To protect against being pulled off if Droz falls, Kelleghan places a Mini Traxion on the bolted anchor atop the first pitch’s 5.11 finger crack and then a second one atop the 5.10b arête pitch on pitch two. In the final hand crack, Kelleghan places a third Mini Traxion on a hand-sized cam, and then it comes to Droz to catch up to Kelleghan. Droz sprints to the top laden with the rack. When she summits, she unties, while Kelleghan, who has already started the descent, coils the rope while descending. (On their record-setting climb, they summitted in approximately 28 minutes.) The pair then rapid-fire downclimb the East Slabs of the Redgarden Wall (“third class,” but probably 5.0), then Droz catches up to Kelleghan just a few seconds behind her at the bridge. When both climbers tag the bridge, the clock stops.

Historically, speed climbing has been a male-dominated arena, though women have been quickly closing the gap. On the 15-meter IFSC speed wall, Reza Alipour of Iran holds the current male speed record with a time of 5.48 seconds, while Aleksandra Miroslaw of Poland holds the current female speed record of 6.84 seconds. On the 3,000-foot Nose of El Capitan, the time gap is wider. Alex Honnold and Tommy Caldwell hold the record with a time of 1:58:07, while Libby Sauter and Mayan Smith-Gobat hold the women’s record with a time of 4:43.

Droz and Kelleghan’s time on the Naked Edge—the third international speed-climbing arena—edges them closer to the men’s time, with a gap of 13 minutes. However, they’re breaking new ground. Droz noted that Madaleine Sorkin had previously been the only woman to have led the Naked Edge in a single pitch before she (Droz) started climbing the route with Kelleghan. The leap from pitching it out, to climbing it in two pitches, to climbing it in a single pitch proved significant for Droz—perhaps as substantial as setting the speed record in part because she and Kelleghan currently have no other female competition for the record.

Whether female times should be compared with male times is a difficult question, and moves into the controversial arena of first female ascents and how different genders compete with each other. “It’s also a topic that I think women should be in control of,” notes Sauter of men’s and women’s records being compared. “When the majority of women feel that we should be competing against men or [have] our records and FAs compared against them…that’s when I think it should happen.”

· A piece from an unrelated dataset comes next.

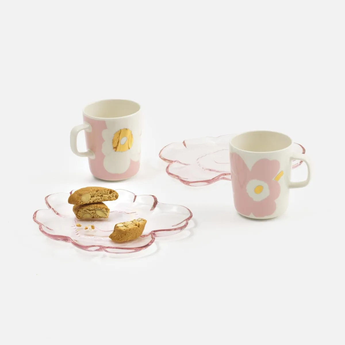 今回のコレクションは、マリメッコのシンボルともいえるウニッコのフラワープリントが、優しい桜のピンク色に染め上げられています。この柔らかな色合いは、春の訪れを感じさせ、どんな食卓にも温かな雰囲気をもたらします。さまざまなアイテムがそろっており、特に目を引くのは4dlのマグカップや20cmのプレート、さらにはウニッコをモチーフにしたガラスプレートとスモールボウルセットなどです。

“I think it’s important that other women see women are doing that,” says Kelleghan of women setting speed records, pushing themselves on hard climbs, and having fun while doing it.

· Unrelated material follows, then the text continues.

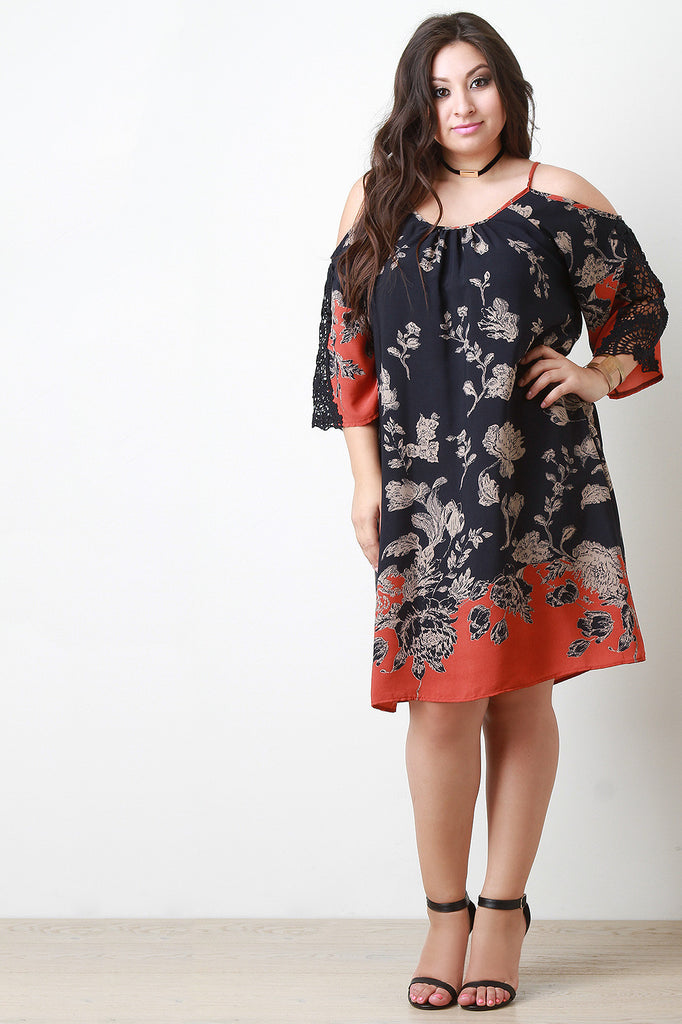 This chic plus size shift dress features a cold shoulder design, crochet lace sleeve inset, spaghetti straps, back tie, two tone floral print pattern scoop neckline with gather detail and a low cut back. three quarter length bell sleeves, and a knee length hemline. Accessories sold separately. 100% Polyester.

At the bridge in Eldorado, after the women had already hustled up the route twice in a day, an Eldorado local approached them. Regina regularly runs through the state park, and had watched the pair climb the route from the road. That night, she would write in her journal about the pair’s partnership, dedication, and how she’d been inspired to take Droz and Kelleghan’s efforts and apply them to her own life. As Regina demonstrated, more important than the times, the superlatives, or the details of the climb is the way they inspire.